I'd like to start by thanking all those readers who left feedback on my last post. It was good hear that most of you enjoy reading my posts and that they are generally helpful. I would like to encourage you to continue posting feedback, especially questions or comments about anything that I fail to explain sufficiently.
The following is a discussion of the limitations of parallel programming in Maple. These are the issues that we are aware of and are hoping to fix in future releases.
So far I've been discussing the tools that Maple provides for parallel programming. However we must also consider the other Maple routines to see if they are thread safe (for more information on thread safety see my previous post on this topic). As of Maple 13, we have verified that all the routines implemented in the kernel are thread safe, and thus should work properly when run in parallel. The Math Library, the code written directly in the Maple language, has not yet been verified as thread safe. This means that library functions called during parallel processing may not function correctly. To fix this, we are going through the library to identify routines that are thread safe, and determine how best to fix those that are not. However the library is a huge amount of code, so this process is going to take time. Given these limitations, the parallel programming routines should be viewed in a similar vein as Compiler or evalhf, they currently work with a subset of Maple's functionality.
The Maple garbage collector has worked well for a long time, however it was never designed to deal with multiple threads. In developing the multi-threaded kernel, we were able to make the old collector work, however it does not perform particularly well. The only fix for this is to replace the collector. We have begun working on a new garbage collector, however this is a significant change to the kernel and so it will not be available for a release or two.
In Maple 13, a garbage collection mark and sweep is the only stop dead event in the kernel.
There are many locks in the kernel, but most will not have a significant performance impact. We have been optimizing the kernel to allow computations to be as lock free as possible. However the following locks can cause significant blocking:
Currently Maple assumes that external calls are not thread safe, thus it will not allow more than one thread into external call at a time. However the ?define_external routine accepts the THREAD_SAFE option. This tells Maple that an external function is thread safe, thus Maple will allow multiple threads to call this routine at the same time. This lock effects Maple library routines that utilize external call, including functions built using the Compiler.
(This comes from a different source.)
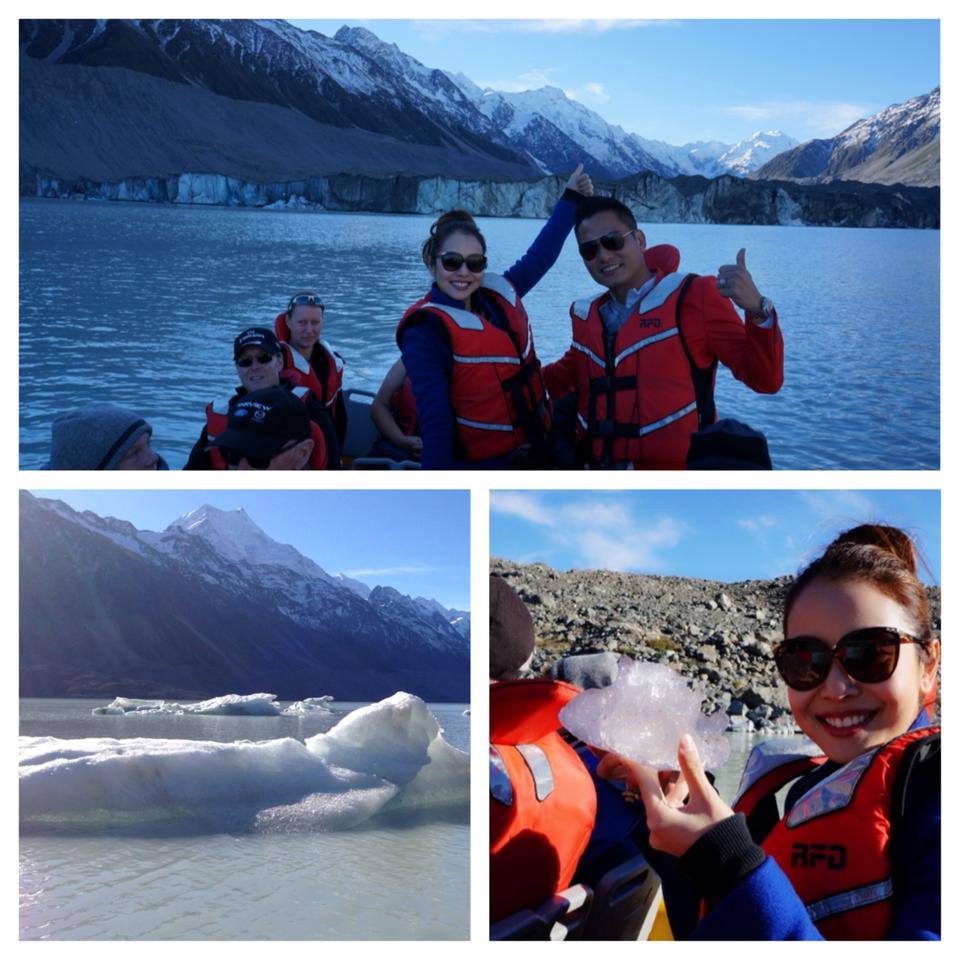 Jennifer Phạm hào hứng chia sẻ: "Lượn trực thăng qua đỉnh núi cao nhất New Zealand, Mount Cook và đáp trên mặt sông băng Tasman. Cảm giác thật tuyệt vời.... Một buổi trải nghiệm đầy thú vị cùng sông băng Tasman và lần đầu tiên được cầm một phiến băng trôi lạnh buốt trong tay".
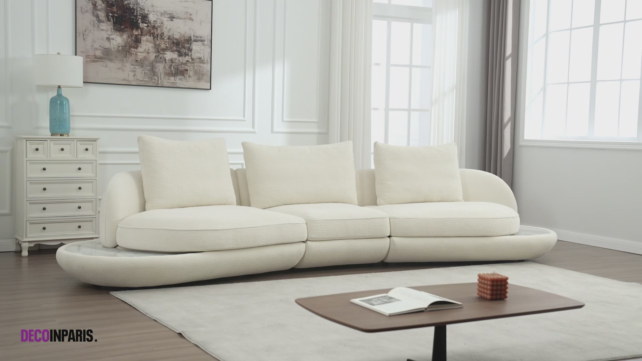Con sus líneas redondeadas y su amplio asiento, el sofá DARIUS ofrece una comodidad excepcional, ideal para relajarse, ya sea recibiendo invitados o disfrutando de un momento de paz. Sus cojines de respaldo, grandes, suaves y envolventes, realzan la sensación de bienestar.

As we verify that external routines are thread safe (and fix those that are not), we will add this flag as necessary.
There is a lock around the communication with the interface. For computations that are interacting with the interface (printing, system commands, embedded components, etc) this can cause threads to block. An obvious example of this is creating a "background" thread while the main thread is waiting at the prompt. In this case, if the background thread attempts to communicate to the interface, it will be blocked by the main thread.
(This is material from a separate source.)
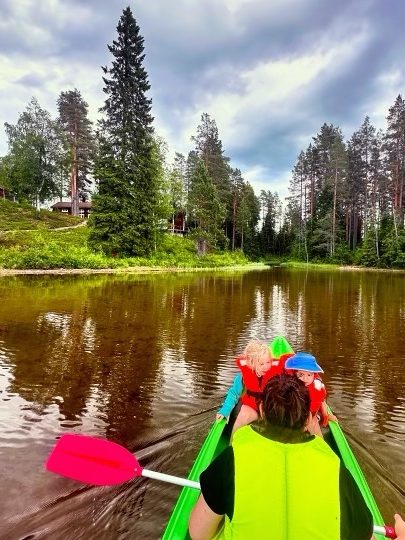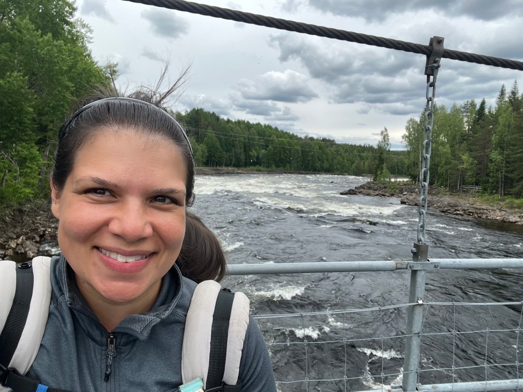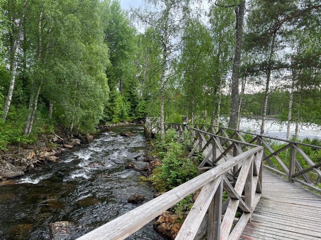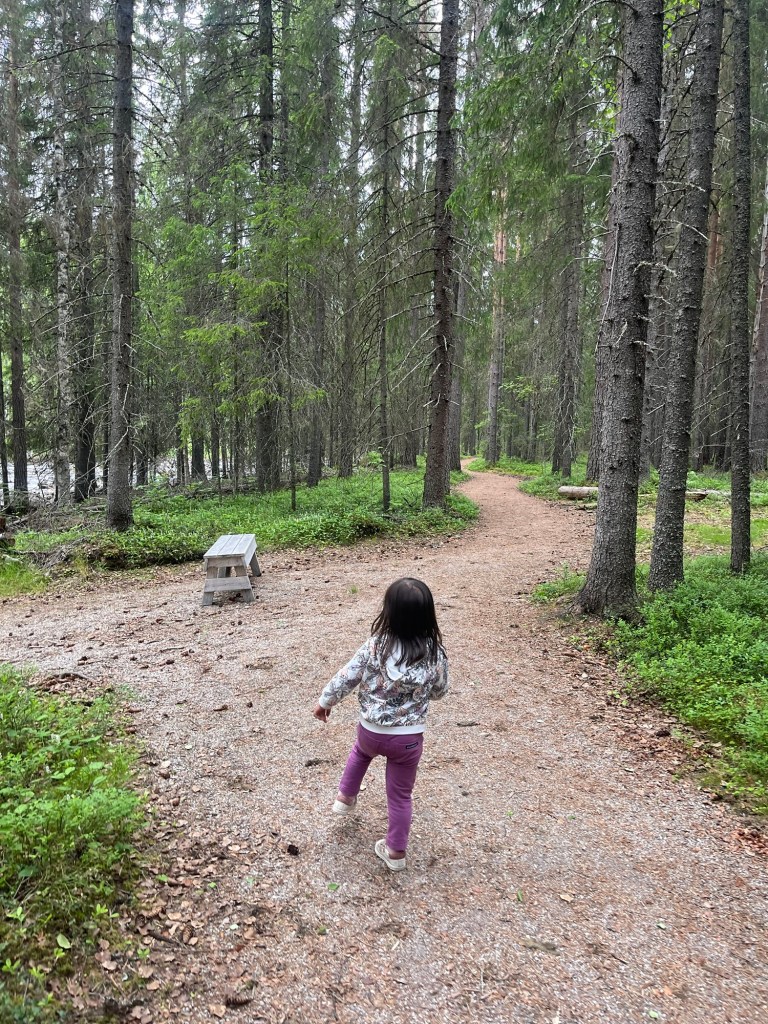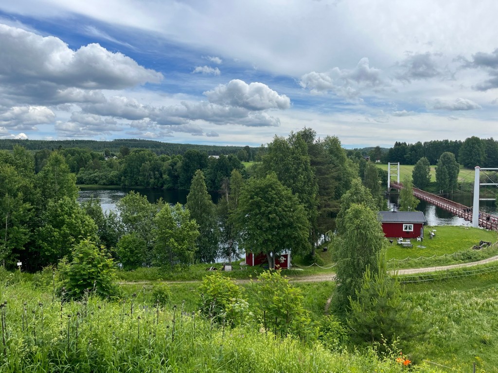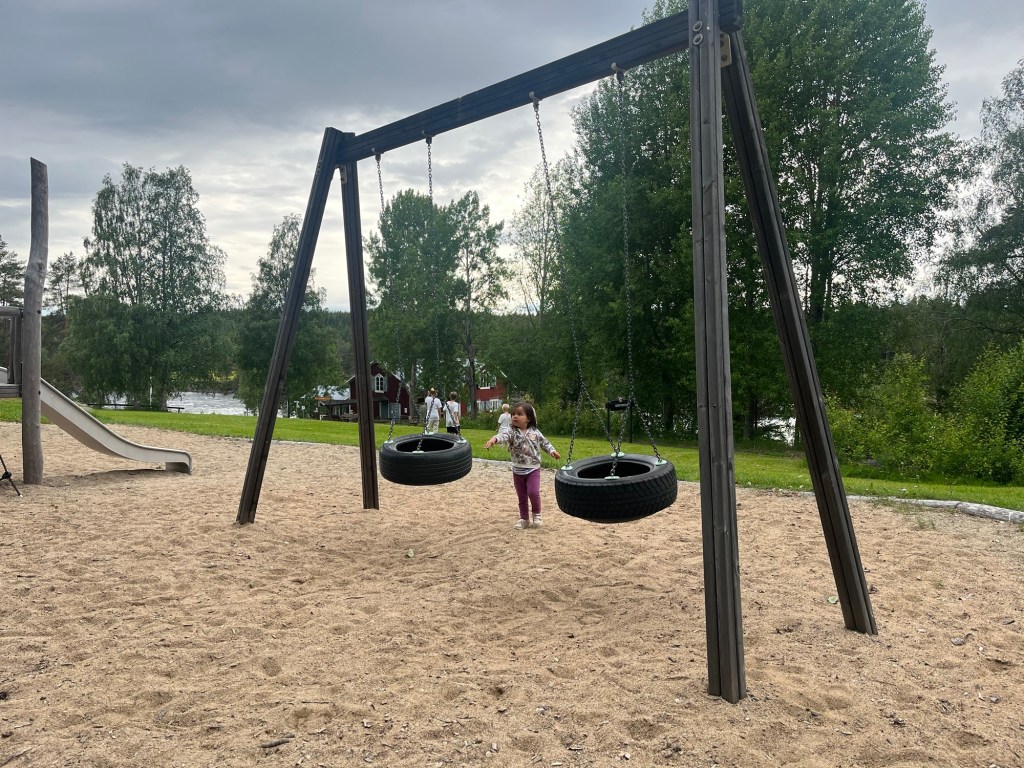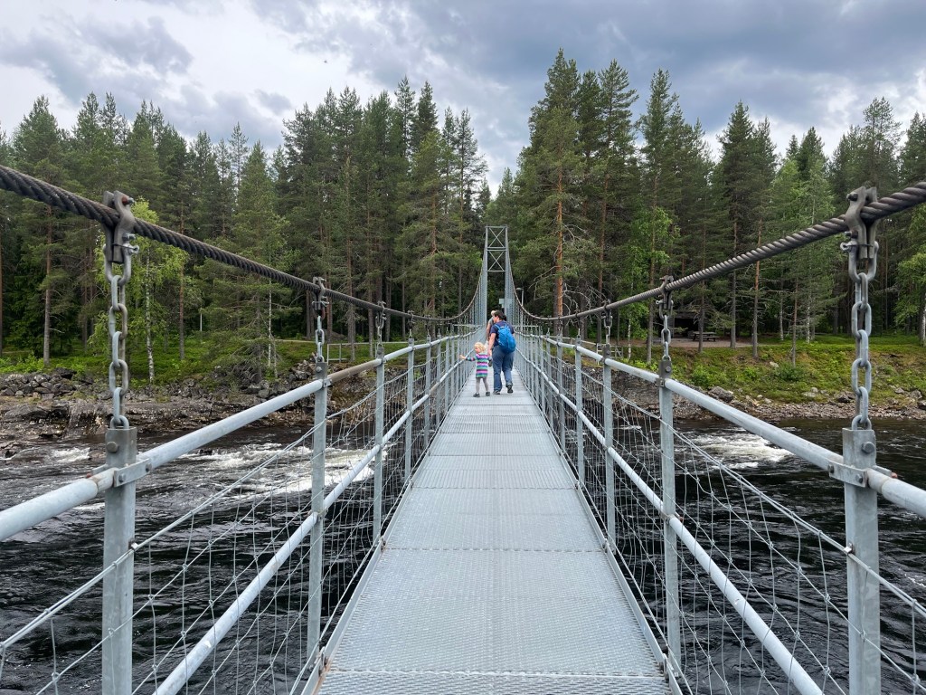 After our morning ice cream we stopped at a grocery store to gather supplies for a hike. Mara quickly fell asleep in the carrier as she does, and we had a nice walk along the Vindelälven river and over swing bridges. We stopped at an open grill that was fully equipped with wood and Hudson grilled up sausages we bought for lunch. Mara woke up mid way through lunch and we all slowly ventured back, with a stop at a playground before getting back in the cars and heading home.

Mutable data structures (tables, rtables, global names, etc) require locking a mutex whenever a value is written to or read from such a structure. This is necessary to allow these assignments to occur correctly. This may lead to contention issues. However when reading from immutable data structures, locking is not required. Therefore for shared values that are only used for reading, it may be preferable to use an immutable data structure instead. For example a list may be better than an rtable.
The Maple memory allocator has both a thread local component and a global component. A thread can allocate memory from the thread local component without needing to acquire a lock. However a local component is feed memory blocks from the global component, and accessing the global component does require locking. So there is some locking associated with memory allocation. This, combined with the garbage collection issues, can make memory intensive algorithms hard to parallelize in Maple 13. The garbage collector work will also include a new memory management system.
The debugger lacks explicit support for parallel debugging. However it does work on a single thread much like it works in single threaded mode. Where a problem can occur is if more that one thread starts running the debugger at a time. In Maple 13 you will get two independent debugging sessions for each thread, without any obvious indication about which session is attached to which thread. Further, when one thread is in the debugger, other threads continue to execute.
These are the issues that have caused problems in the past. As we fix these problems, new issues will be uncovered. Further, as users begin to use the parallel programming tools, they will discover issues as well. This is another reason I started this blog, to encourage users to start experimenting with the parallel programming tools, in hopes of generating more reports of real world experiences. These reports are very important to help guide our development.